Metabolic Remodeling and Epigenetic Regulation: A Novel Interpretation of Hepatic Fibrosis Mechanism Based on Lactylation Modification

This paper focuses on the interaction between metabolic reprogramming and epigenetic modification, using hepatic fibrosis as a model to elucidate how hexokinase 2 (HK2)-mediated lactylation modification reshapes chromatin status and regulates the fate determination of hepatic stellate cells (HSCs). Through multi-omics integration analysis, we reveal the dual functions of glycolytic metabolic intermediates as epigenetic signaling molecules: they serve as direct substrates for histone lactylation (H3K18la) and reshape chromatin accessibility through metabolic enzyme activity regulation, providing an innovative molecular mechanism explanation for metabolism-driven fibrotic pathological processes.

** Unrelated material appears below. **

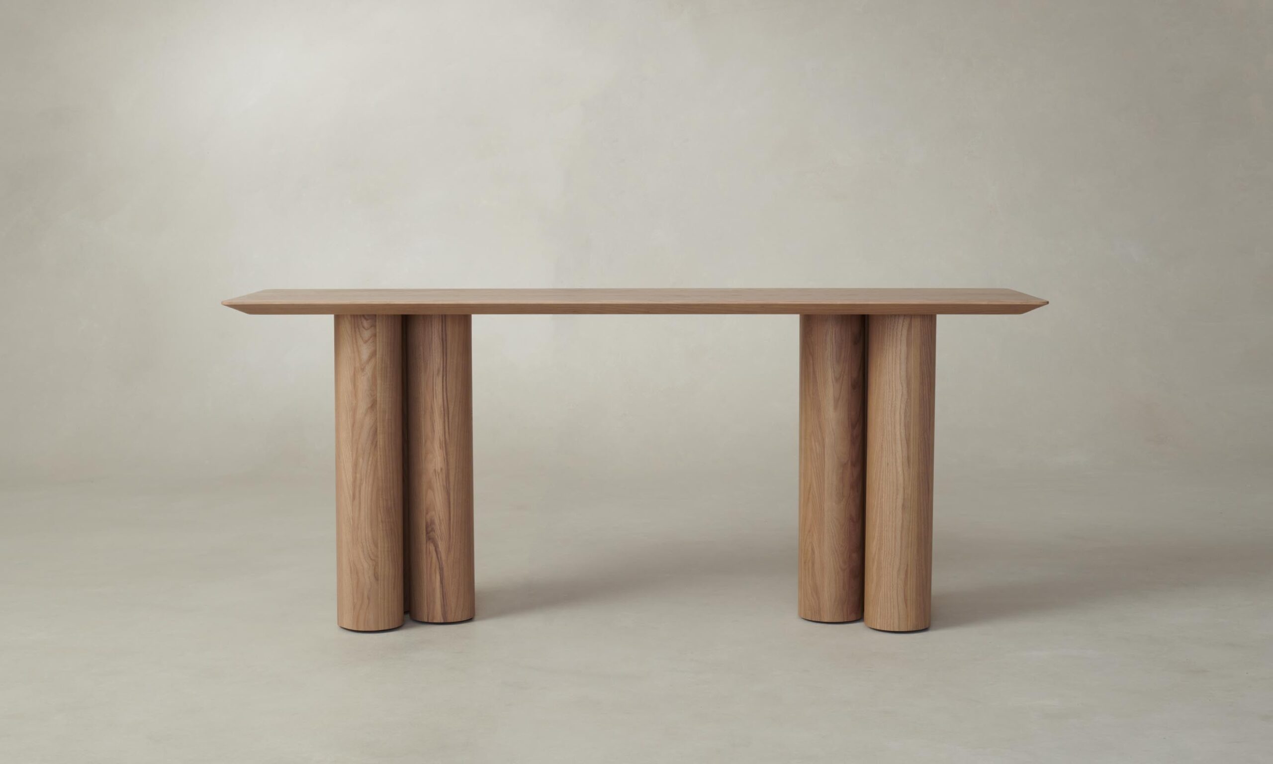 In the Reade console table, strong and sculptural forms collide. The design features a rectangular tabletop and columnar legs, each shaped from solid ash.
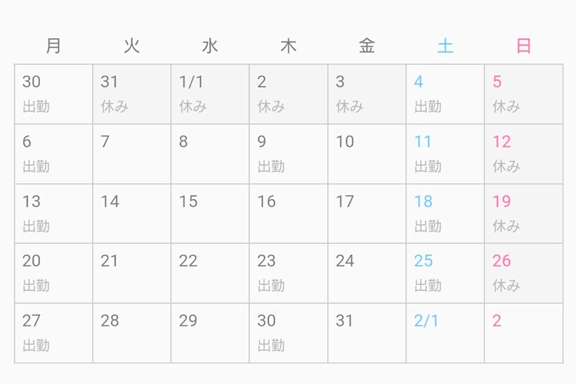 【1月出勤予定】

I. Remodeling of the Metabolic Microenvironment: The Dual Coding Effect of Lactylation

1.1 Lactate, as a key metabolic product of the Warburg effect (i.e., aerobic glycolysis), activates histone lactylation modification enzyme complexes through non-canonical pathways, forming a metabolic-epigenetic regulatory axis.

1.2 Differential lactylation landscapes reshape chromatin three-dimensional structure: H3K18la is specifically enriched in the promoter regions of fibrosis-related genes, activating the nuclear entry signal of transcription factor STAT3.

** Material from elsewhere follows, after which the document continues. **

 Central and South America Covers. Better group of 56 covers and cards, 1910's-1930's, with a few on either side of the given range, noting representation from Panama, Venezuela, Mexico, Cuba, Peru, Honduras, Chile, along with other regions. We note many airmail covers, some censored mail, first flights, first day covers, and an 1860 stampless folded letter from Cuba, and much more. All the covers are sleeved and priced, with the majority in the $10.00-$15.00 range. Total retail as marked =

1.3 Epigenetic reprogramming driven by metabolic intermediate concentration gradients: A high HK2 expression microenvironment forms a local lactate pool, maintaining an inhibitory state of histone deacetylase (HDAC) activity.

II. Metabolic Regulatory Networks Governing the Fate Determination of Hepatic Stellate Cells

2.1 Subcellular Relocalization of the Glycolytic Rate-Limiting Enzyme HK2: Transition from mitochondrial anchoring to cytoplasmic free state, enhancing lactate production and nuclear import efficiency.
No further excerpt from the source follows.